Chloroplast SSRs usually exhibit high levels of variations and are widely used in polymorphism investigations, population genetics and phylogenetic analyses (Powell et al. 1995; Provan et al. 1999, 2001; Flannery et al. 2006; Xue et al. 2012; Li et al. 2019). For S. sinomontana, the number of cpSSRs (sixty-one) is moderate compared with other species of angiosperms (Liu et al. 2013; Fu et al. 2016; Yan et al. 2019). According to this and previous studies (Liu et al. 2013; Fu et al. 2016; Yan et al. 2019), extremely high AT contents of cpSSR sequences seem to be a common phenomenon in higher plant chloroplast genomes. In S. sinomontana, the mononucleotide repeat types are consistent with previous finding that short polyadenine or polythymine repeats are main contributors to SSRs in chloroplast genome (Kuang et al. 2011), and the distribution pattern of cpSSRs between coding and non-coding regions is consistent with most angiosperm species (Nie et al. 2012).

Although chloroplast genomes are considered to be rather conservative among angiosperm species, regions with high sequence polymorphisms are frequently observed even among closely related species (Kim and Jansen 1995). These highly divergent regions are widely used in plant phylogenetics, population genetics and DNA barcoding studies. Similar to other angiosperms (Nie et al. 2012; Liu et al. 2013; Chi et al. 2018; Yan et al. 2019), the coding regions of seven Saxifragaceae chloroplast genomes are more conservative than the non-coding regions.

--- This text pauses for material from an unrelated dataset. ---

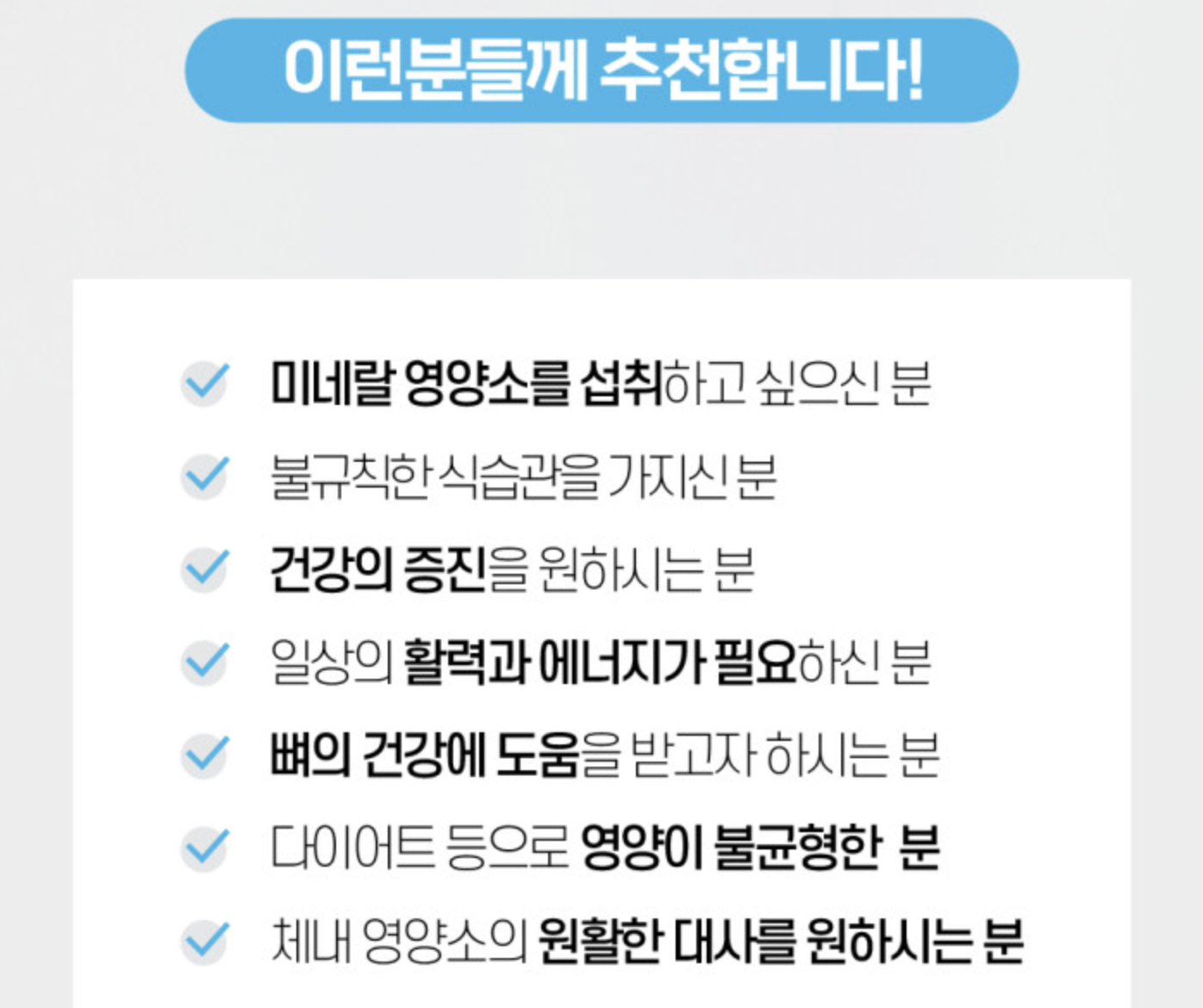 미네랄은 피로회복을 위해 제일 중요한 성분으로 에너지와 면역, 항산화 관리를 위해 중요합니다. 종합 비타민은 많이들 드시지만 종합미네랄을 챙기는 분들은 많지 않죠.

Among the ten most divergent coding regions in this study, matK has been considered as core universal DNA barcodes in many species (Li et al. 2019), and ycf1 has recently been widely applied in plant phylogeny and DNA barcoding studies (Dong et al. 2015; Yang et al. 2017). Besides, accD, rps19, ccsA and ndhF have also been proved to exhibit large divergence among various plant lineages and can be applied in phylogenetic studies (Ni et al. 2016; Ivanova et al. 2017). The boundaries of IRs and LSC/SSC differs among various plant species (Nie et al. 2012; Ni et al. 2016; Yan et al. 2019; Li et al. 2019), and expansion/extraction of the IR regions often lead to size variation of chloroplast genomes (Wang et al. 2008). Among the Saxifragaceae family, although various variations in the contraction/expansion of IRs have been detected, the IR sequences are not consistent with the total size of chloroplast genomes (Nie et al. 2012).

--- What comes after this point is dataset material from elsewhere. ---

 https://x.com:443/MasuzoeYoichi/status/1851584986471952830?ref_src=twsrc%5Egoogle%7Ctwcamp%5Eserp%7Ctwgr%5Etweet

A number of phylogenetic studies have been conducted to clarify relationships within the family Saxifragaceae (Soltis et al. 2001, 2013; Xiang et al. 2012; DeChaine et al. 2013; Zhu et al. 2013; Deng et al. 2015), or within the genus Saxifraga (Zhang et al. 2008; Tkach et al. 2015; Gao et al. 2015). However, infrasectional relationships of the most species-rich section Ciliatae are still not well resolved (Zhang et al. 2008; Tkach et al. 2015; Gao et al. 2015), mostly due to the lack of resolutions within the recent divergent lineage of Saxifraga sect. Ciliatae subsect. Hirculoideae, in which informatively polymorphic sites are revealed to be limited (Gao et al. 2015). Chloroplast genomes comprise abundant phylogenetic information, which could have the potential to significantly advance our ability to resolve phylogenetic relationships in this lineage. The result of phylogenetic analysis revealed that seven Saxifragaceae species based on 66 protein-coding genes received high bootstrap support values for nearly all identified nodes, suggesting a promising opportunity to resolve infrasectional relationships of the most species-rich section Ciliatae. This is the first chloroplast genome sequenced in S. sect. Ciliatae and also the second in the genus Saxifraga. More taxa, especially those of S. sect. Ciliatae subsect. Hirculoideae should be included in the chloroplast genome comparative analysis to realize the full potential of chloroplast genomes in phylogenetic analysis of S. sect. Ciliatae.